An interesting backstory attends Celer’s latest release Voyeur, and it’s one that brings into clearer focus the at times foreboding ambiance of the album content. Apparently a few years ago Will Long was commissioned by a California-based film company to produce a score for a film inspired by Hitchcock’s 1954 film Rear Window, a key difference being that the projected film would include a two-sided viewer plot as opposed to the one in Hitchcock’s that centers on the perspective of the temporarily wheelchair-bound photographer L.B. Jefferies (played by Jimmy Stewart). Long created the material prior to the commencement of filming at home and at a studio in Silverlake, California, only to be told that the entire film project had been cancelled—despite the fact that the musical material had been completed a week before the first draft deadline.
That’s not all that’s curious about the release, which Berlin-based Humming Conch has issued in a run of 300 vinyl copies. Though the recording was made in March of 2008, it’s only now seeing the light of day as a soundtrack to a film never made. And unlike many a Celer release where one encounters long-form pieces of twenty-minute durations, Voyeur sequences eleven tracks into a thirty-four-minute presentation—though such an approach is consistent with soundtracks in general, where short musical pieces typically are composed with specific scenes in mind. Another interesting thing about the release is that Danielle Baquet-Long, Will’s late partner, is credited with vocals, but one must listen carefully to hear them as they’ve been incorporated into the opening and closing tracks as barely audible choral breaths.

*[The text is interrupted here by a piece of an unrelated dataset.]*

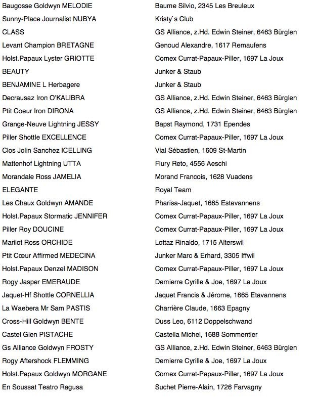 Guest country Switzerland belongs to the most favorite countries for the prices next week during the European Championship in Fribourg! Big names like Ptitcoeur Iron Dirona, Decrausaz Iron O'Kalibra, Ptitcoeur Affirmed Medecina, DG Bolton Class and more are in the selection of the Swiss Team. Click further for the complete selection.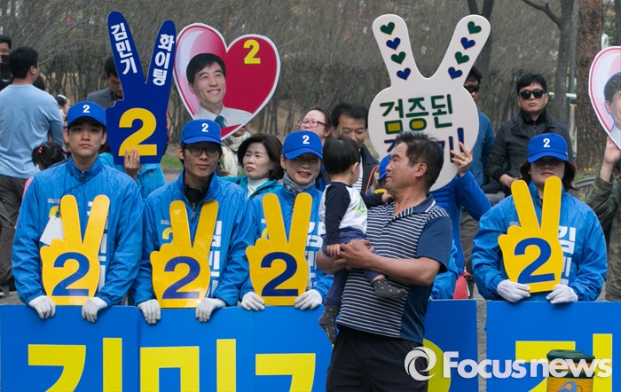 (용인=포커스뉴스) 10일 오후 경기도 기흥구청 인근 거리에서 김민기 더불어민주당 용인을 후보의 선거운동원들이 지지를 호소하고 있다.

Curious details aside, Voyeur is quintessential Celer in its skeletal drift of fragile, shimmering vapours and whistling, organ-like tones. But as mentioned, Voyeur also parts company with Celer music as it’s often presented, specifically in settings such as “Bitter Light and Anticipating a Day Heat (The Isolated)” and “Binoculars, a Telephone, and Fear (The Note)” where dissonance and darker tonalities emerge to lend the material a haunted and unsettled quality. In such moments, one imagines Voyeur could just as easily function as a modern-day soundtrack to Hitchcock’s Vertigo or (in its non-violent episodes, at least) Psycho as much as Rear Window. The inclusion of these darker passages also adds to the release in providing contrast to episodes like “Intermission (Afternoon, Don’t End)” and “Finale (After Midnight)” that are comparatively serene in character. Relatedly, Voyeur also suggests that film producers would be wise to consider Celer for future soundtrack commissions; it’s hard to think of any musical act more naturally capable of creating soundtrack material that’s suitably atmospheric and evocative without being overly intrusive.